The least ensemble method to discuss is stacking (short for stacked generalization). It is based on a simple idea: instead of using trivial functions (such as hard voting) to aggregate the oredictions of all predictors in an ensemble, why don't we train a model to perform this aggregation? the image below shows such an ensemble performing a regression task on a new instance. Each of the bottom three predictors predicts a different value (3.1, 2.7, and 2.9), and then the final predictor (called a blender, or a meta learner) takes these predictions as inputs and makes the final prediction (3.0)

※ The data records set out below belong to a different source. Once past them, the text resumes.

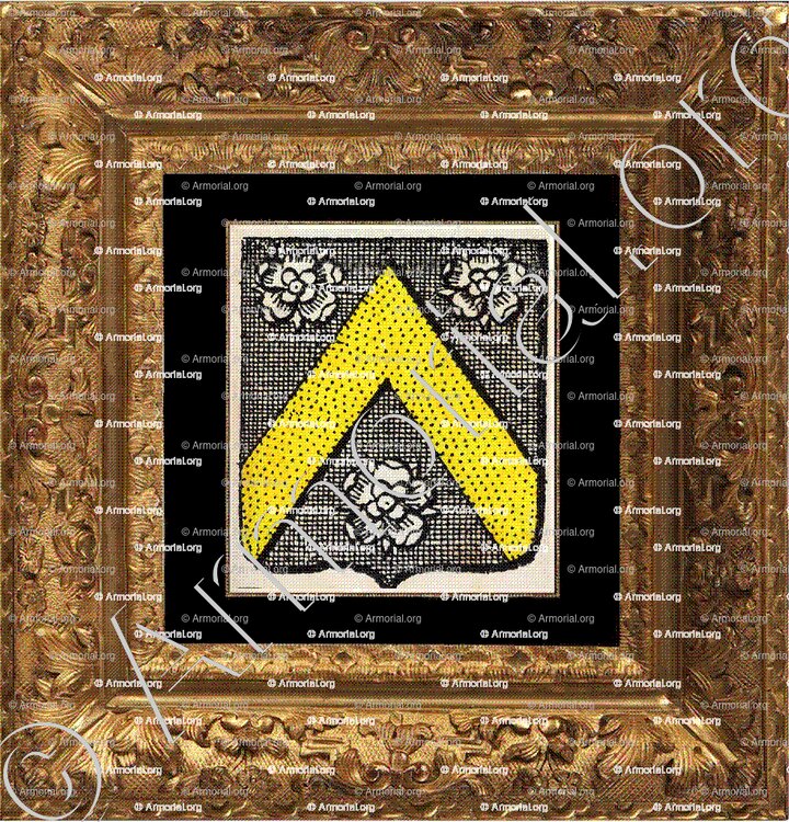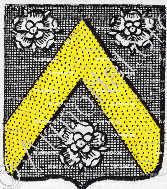 " De sable, au chevron d'or, accompagné de trois roses d'argent. "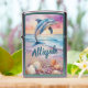 A vibrant dolphin leaping through pastel sunset waves, framed by scattered seashells along the shore, paired with a customizable name for a bright, beach‑ready design. Perfect for ocean lovers and summer‑themed gifts.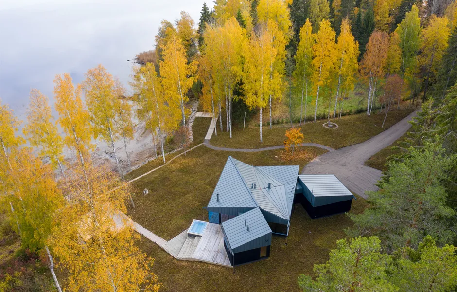 The building consists of three interlocking square masses. The locations of the spaces in different masses are strictly distributed according to the functions; the main mass contains the living, sleeping and dining areas, and the smaller ones have sauna and utility facilities, garage and technical facilities. The core of the main mass and the side masses are within the same coordinate system, which clarifies the connections between the spaces and calms the spatial experience. The basic idea behind the main mass is the core of the open square space, where all the fixtures are integrated and much of the functionality is located. The core has been shifted from the coordinate system of the main mass so that the use of the spaces between it and the outer walls could be optimized. The hallway, sleeping areas, entertainment corner and study are located in caverns created within this spatial distribution. Inside the core is a utility room, toilets and a walk-in closet. There is no traditional division into rooms, but spaces can be separated from one another by sliding doors if desired. The nature of the spaces varies greatly due to large glass surfaces and powerful openings to the landscape. The landscape itself is the most important element of the interior, which is alive and constantly changing according to the time of day and the seasons. On the lake side, the floor height of the building is clearly higher than the surrounding terrain to give the impression of floating above the lake. Similarly, the atmosphere of the spruce forest can be sensed in the living area, located in the western corner of the house, which has been raised to the height of the forest brush. This side is rooted in the ground, and less natural light seeps into the space so the experience is closer to that of the forest atmosphere.

Aggregating Predictions Using a Blending Predictor

To train the blender, a common approach is to use a hold-out set. First the training set is split in two subsets. The first subset is used to train the predictions in the first layer.

Training the First Layer

Next, the first layer predictors are used to make predictions on the second (held-out) set. Now, for each instance in the hold-out set, there are three predicted values. We can create a new training set using these predicted values as input features and keeping the target values. The blender is trained on this new training set, so it learns to predict the target value given the first layer's predictions.

Training the Blender

Predictions in Multilayer Stacking Ensemble

Unfortunately, Scikit-Learn does not support blending directly.